De politie wint informatie in over de groeperingen die een gevaar betekenen voor de openbare orde. Zij doet dit zowel op het terrein, als via open bronnen. Als dergelijke informatie relevant is voor het nemen van bestuurlijke maatregelen bereikt zij de minister van Binnenlandse Zaken, maar het is duidelijk dat men daarbij steeds de regels van de democratische Rechtsstaat dient te volgen. Anderzijds zullen alle mogelijke begeleidende maatregelen worden getroffen om verstoringen van de openbare rust maximaal in te perken.

4. Strafbare feiten kunnen vervolgd worden, ook als deze plaatsvinden op het internet. Het weren van een website van het internet blijkt een zeer moeilijke opdracht te zijn omwille van het internationaal karakter van dit netwerk en omdat de ervaring ons leert dat websites snel weer kunnen opduiken via een andere server. Een daadwerkelijk verbod van extremistische groeperingen ten slotte vereist een wettelijk initiatief, waartoe ik in het verleden reeds het parlement heb opgeroepen. Het ware wenselijk mocht de strafrechter over de mogelijkheid kunnen beschikken om bepaalde groeperingen buiten de wet te stellen, bij wijze van bijkomende straf.

5. De diensten streven ernaar om de groeperingen die met een bijzondere aandacht dienen te worden gevolgd in het belang van de openbare orde, eveneens te volgen op het internet. Op deze wijze wordt de nodige synergie bereikt tussen de as « groeperingen » en de as « internet » van het « Actieplan Radicalisme ».
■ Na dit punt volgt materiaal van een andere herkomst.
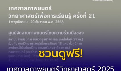 กิจกรรม ชวนดูฟรี! เทศกาลภาพยนตร์วิทยาศาสตร์ 2025 เปิดโลก ‘งานสีเขียว’ ถึง 20 ธันวาคมนี้ ที่ศูนย์วิทยาศาสตร์ฯ ทั่วประเทศ EZ Webmaster December 8, 2025 ชวนดูฟรี! เทศกาลภาพยนตร์วิทยาศาสตร์ 2025 เปิดโลก ‘งานสีเขียว’ ถึง 20 ธันวาคมนี้ที่ศูนย์วิทยาศาสตร์ฯ ทั่วประเทศ สถาบันส่งเสริมการสอนวิทยาศาสตร์และเทคโนโลยี (สสวท.) ร่วมกับศูนย์วิทยาศาสตร์เพื่อการศึกษาทั่วทุกภูมิภาค ขอเชิญชวนครู นักเรียน เยาวชน และผู้สนใจ…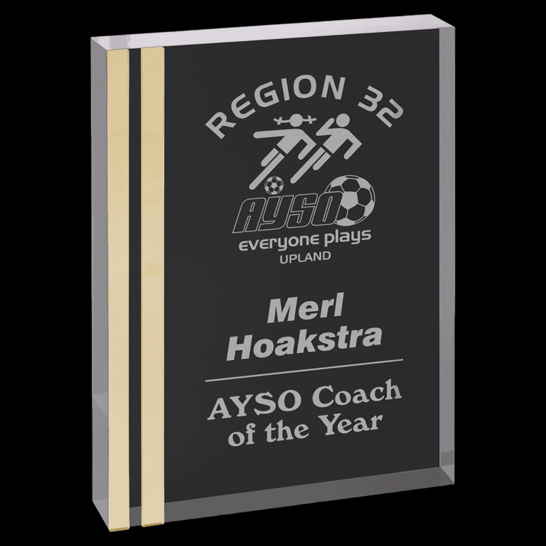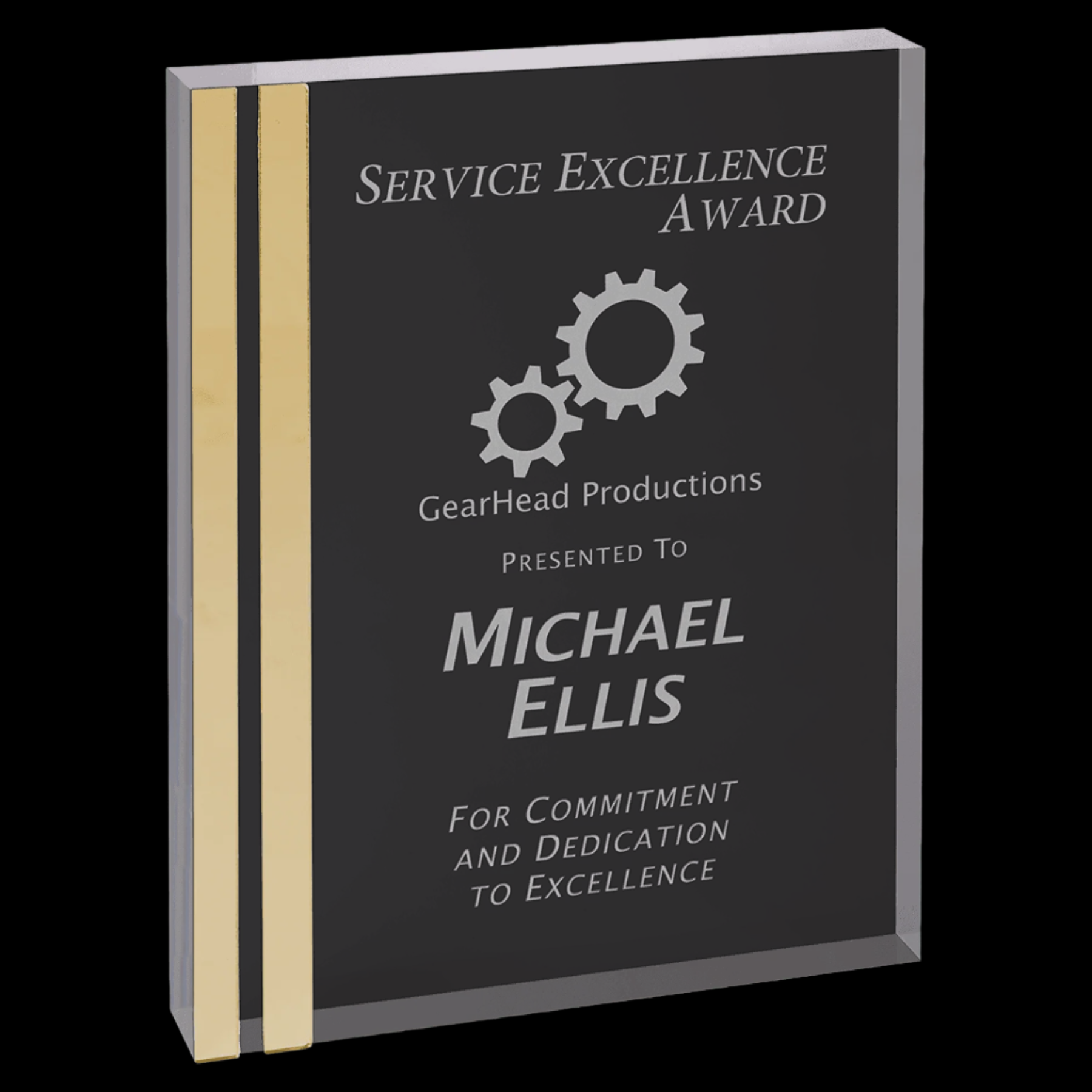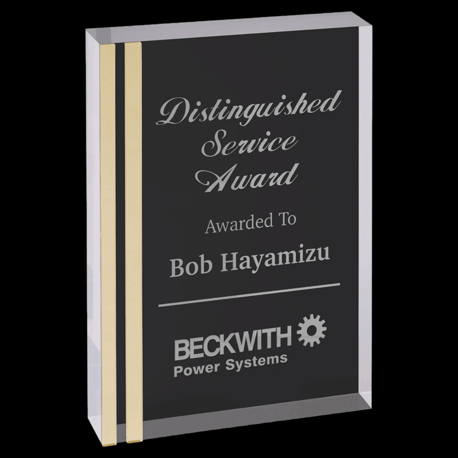 This Rectangle Acrylic with Gold Edge features a clear personalization area framed by a vibrant gold border, adding a sophisticated accent to any display. At 1" thick, it is self-standing, providing sturdy support without additional fixtures. Ideal for professional settings, it combines durability with elegant design to showcase your custom content effectively.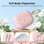 Protégez vos AirPods Pro 3 avec élégance grâce à cet étui en silicone orné d'un motif floral embossé raffiné et d'un anneau métallique doré. Design intégral offrant une protection complète contre la poussière, les rayures et les chutes accidentelles.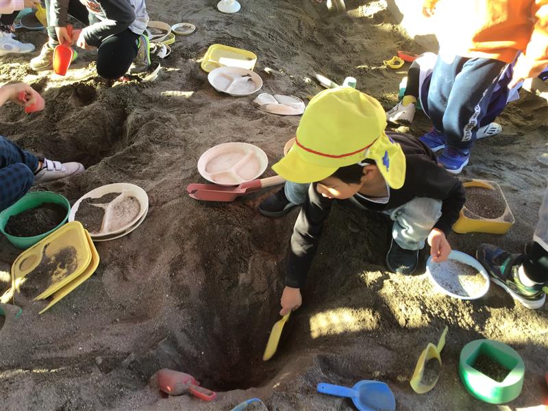 砂の感触を楽しみながら掘ったり、作ったりしている顔は真剣そのものです😊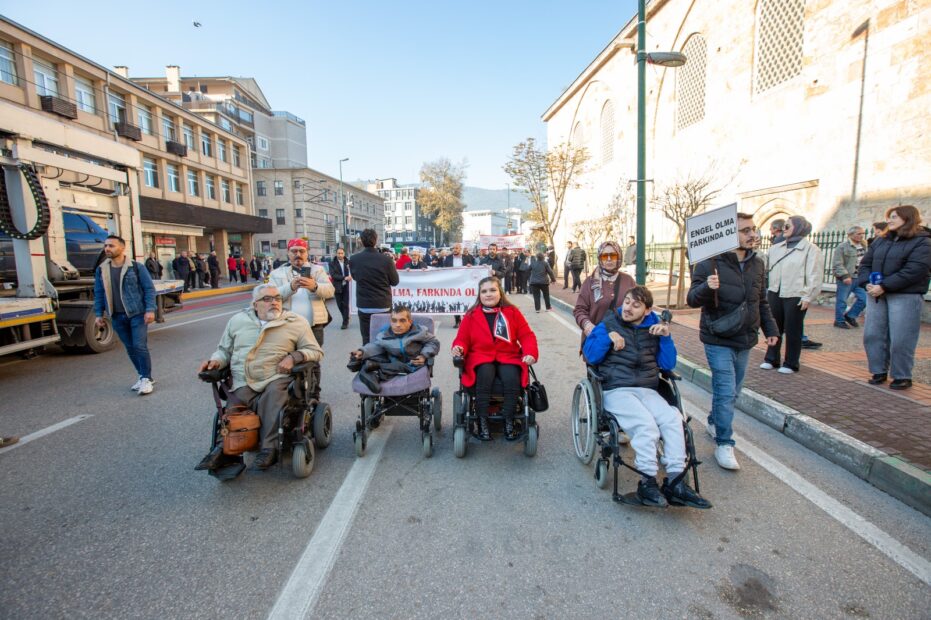 Dünya Engelliler Günü kapsamında ‘Engelli Farkındalık Yürüyüşü’ düzenlendi. Ulu Cami önünde bir araya gelen özel gereksinimli bireylere Bursa Büyükşehir Belediye Başkanı Mustafa Bozbey’i temsilen Büyükşehir Belediyesi Genel Sekreter Yardımcısı Mehmet Yıldız, Bursa Vali Yardımcısı Mustafa Güney, Bursa Kent Konseyi Başkanı Prof. Dr. Ertuğrul Aksoy, sivil toplum kuruluşlarının temsilcileri ve vatandaşlar eşlik etti. ‘Farklılıklarımızla Daha Güçlüyüz’ yazılı pankart taşıyan vatandaşlar, ellerindeki dövizlerle ‘Engel olma, farkında ol’ mesajı verdi. Büyükşehir Belediye Bandosu’nun da eşlik ettiği yürüyüş, Atatürk Anıtı’nda sona erdi. Saygı duruşu ve İstiklal Marşı’nın ardından  çelenk sunumu gerçekleştirildi.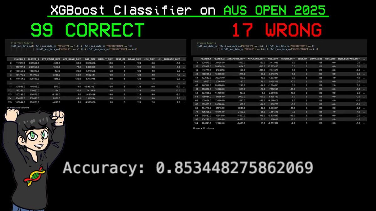 It then correctly predicted 99 out of 116 matches at this year's Australian Open, achieving an accuracy of 85%!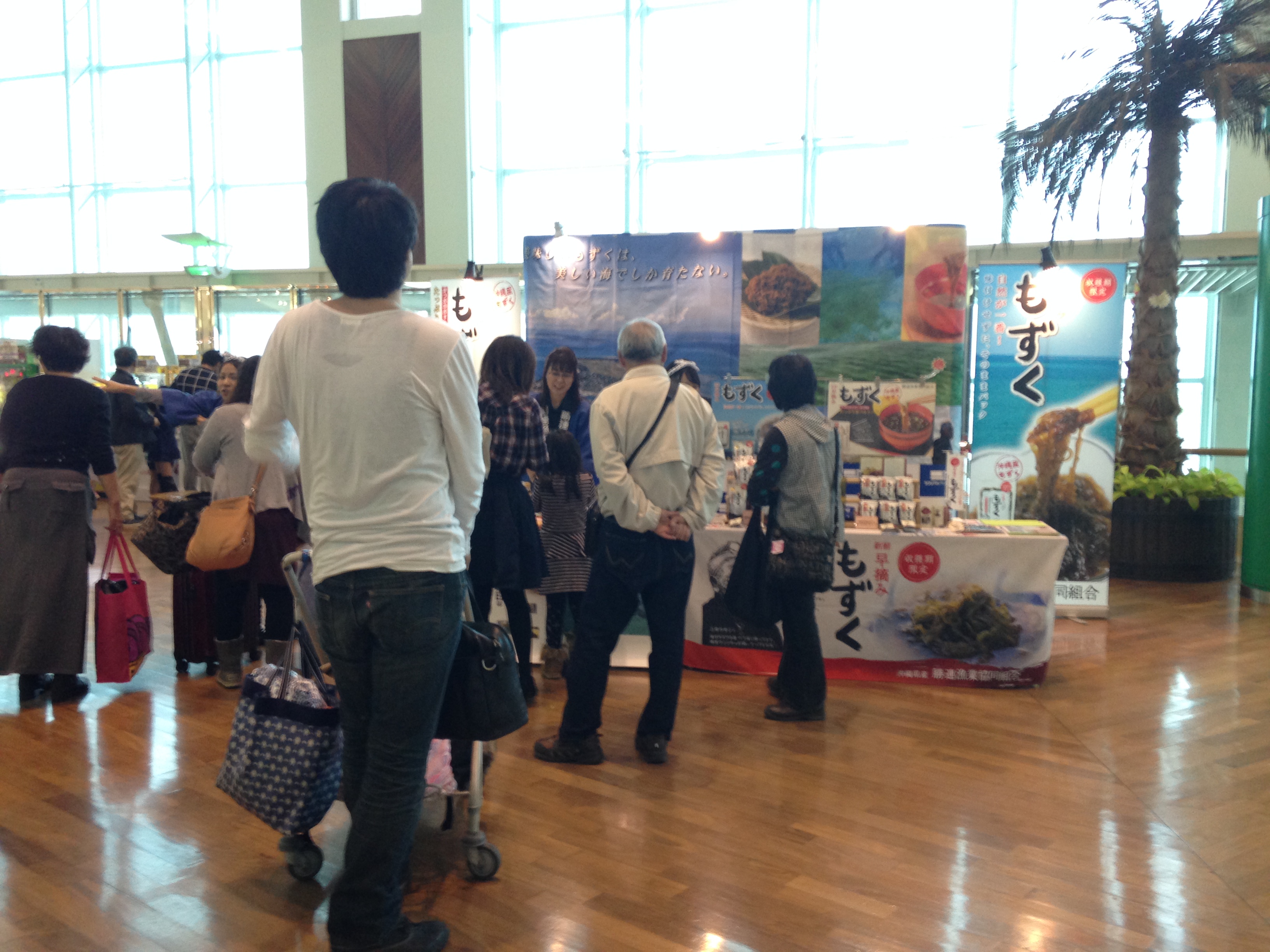 美味しい早摘みもずくを県内だけでなく、県外の方にも楽しんでいただきたくて、那覇空港で行うことになりました。過去にも空港でイベントをさせていただきましたが、試食された皆さんの笑顔がとても印象的でした。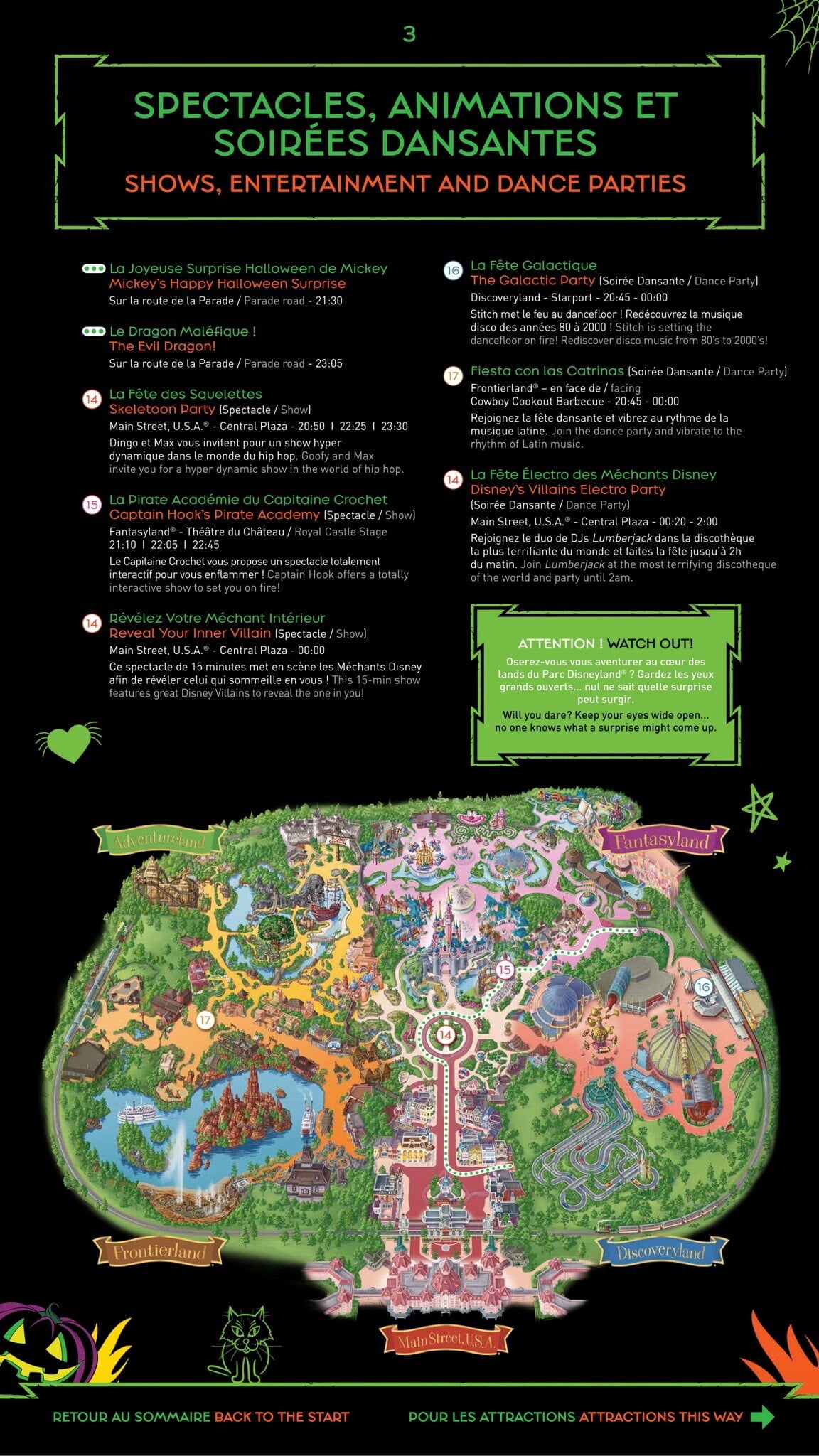 Equipment was also added for the Phantom Manor and Skull Rock projection loops. Guests will also enjoy Mickey’s Halloween Surprise, Max and Goofy’s Sleletoon Hip Hop Party, and Captain Hook’s Pirate Academy on Castle stage: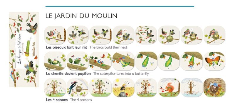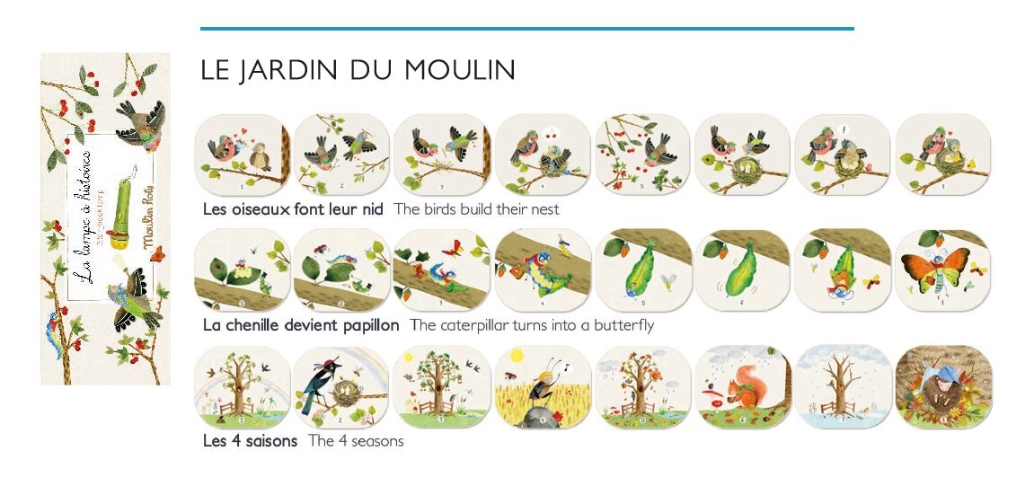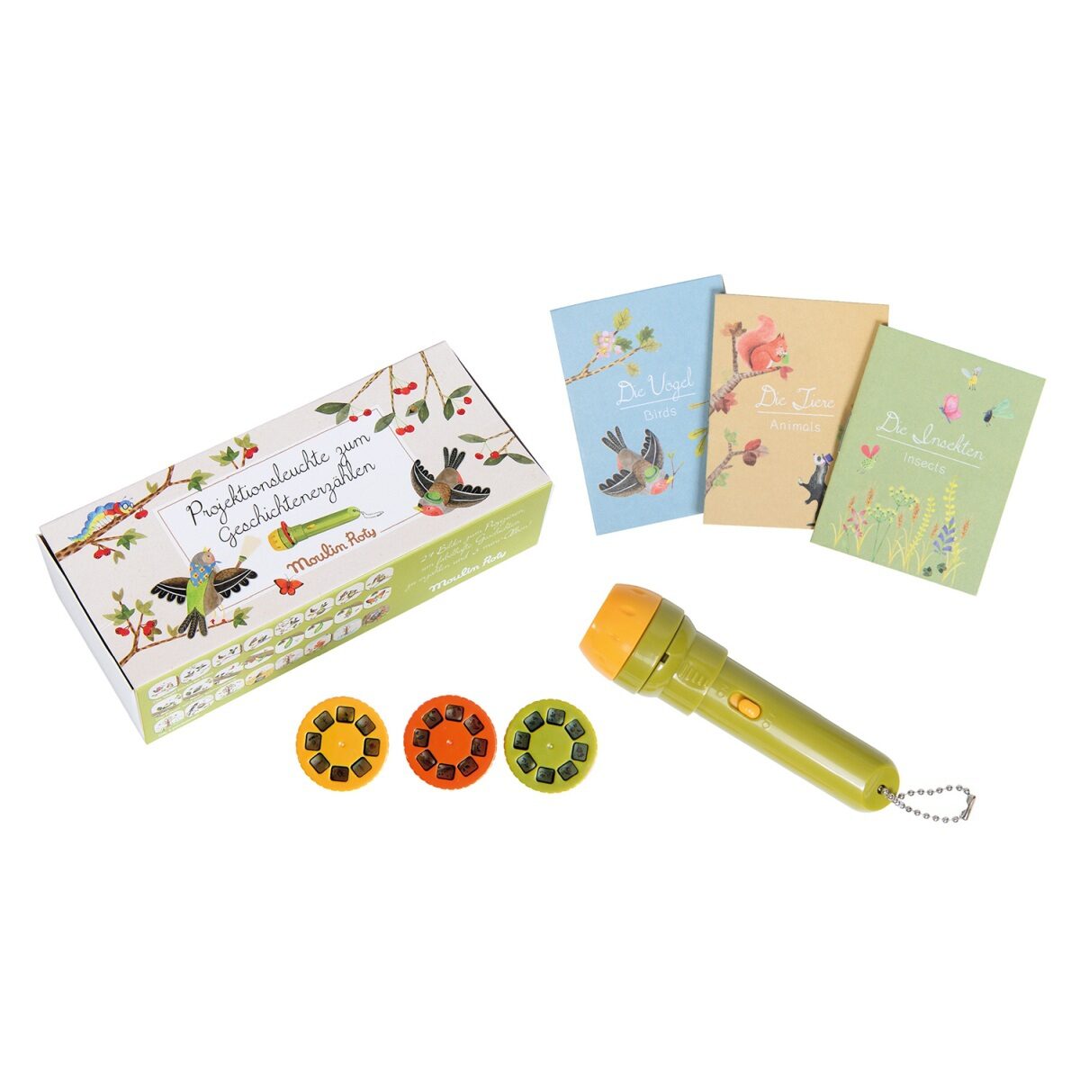 Die Projektionsleuchte von Moulin Roty bietet eine originelle Art, Geschichten zu erzählen! Verschiedene Scheiben projizieren liebevoll illustrierte Bilder an die Wand. Im Lieferumfang sind neben der Taschenlampe 3 verschiedene Bildreihen enthalten – „Vögel machen ihre Nester“, „Die Raupe wird zum Schmetterling“ und „Die vier Jahreszeiten“. Die Handhabung ist kinderleicht – die Bilder-Disc einsetzen, einschalten und mit dem Daumen zu nächsten Szene weiterdrehen. Zu den Themen begleitend, werden drei Minibücher mitgeliefert. Licht aus, Fantasie an!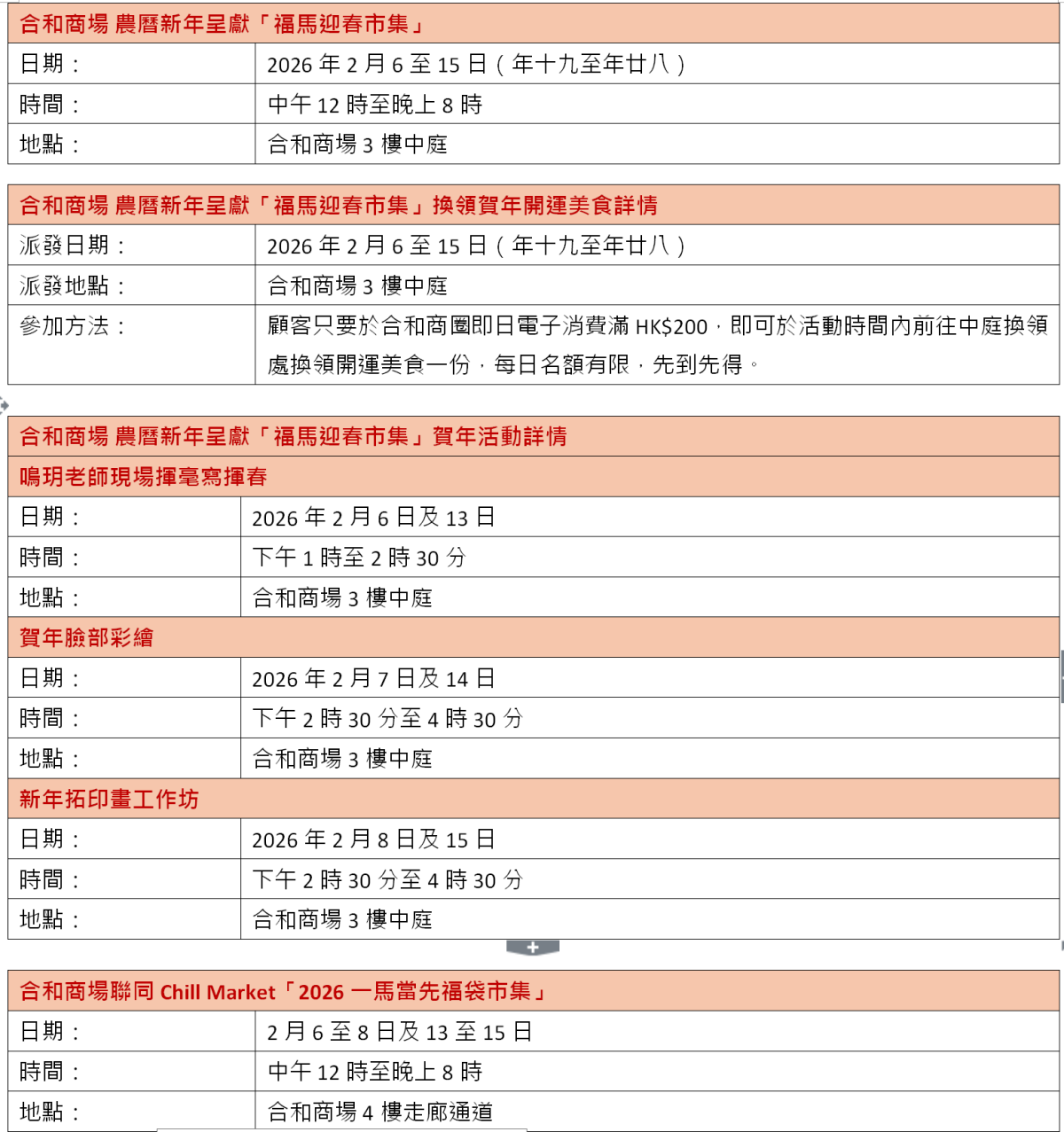3樓中庭將設逾4米高巨型桃花樹,在2月14日情人節下午1時及5時更有派發玫瑰花活動,傳遞浪漫氣氛。穿上「合和」二字紅色催運馬鞍的白馬,寓意團圓與財富的湯圓及餃子、巨型開運御守、賀年三色糰子亦將來到中庭,祝福大家新一年萬事和合、馬到功成!記得參與連串賀年活動包括新春Busking Show、寫揮春、賀年臉部彩繪等,以熱鬧喜慶迎接丙午馬年。2月6日至8日及2月13日至15日,合和商場將會聯同Chill Market舉辦「2026一馬當先福袋市集」,預計每期超過20間本地小店參與,售賣賀年年貨、福袋、小食、飾物、寵物賀年衣服及用品等,買盡整個新年!

6. De privaat-publieke samenwerking inzake terrorisme en extremisme heeft tijdens de vorige legislatuur al vruchten afgeworpen. Ook de piste die u aanreikt zou kunnen worden onderzocht door de « subwerkgroep terrorisme » van het « overlegplatform bedrijfsbeveiliging » tussen de federale overheid en het Verbond van Belgische Ondernemingen. Het is mijn voornemen om op grond van de nieuwe Kadernota Integrale Veiligheid deze publiek-private samenwerking verder uit te bouwen in de toekomst.

7. Op Europees niveau is radicalisme via het internet reeds langer een prioriteit, hierin overigens actief ondersteund door ons land. De Europese commissie maakt thans een studie over de juridische mogelijkheden die er nu reeds zijn en waar er zich nog lacunes bevinden.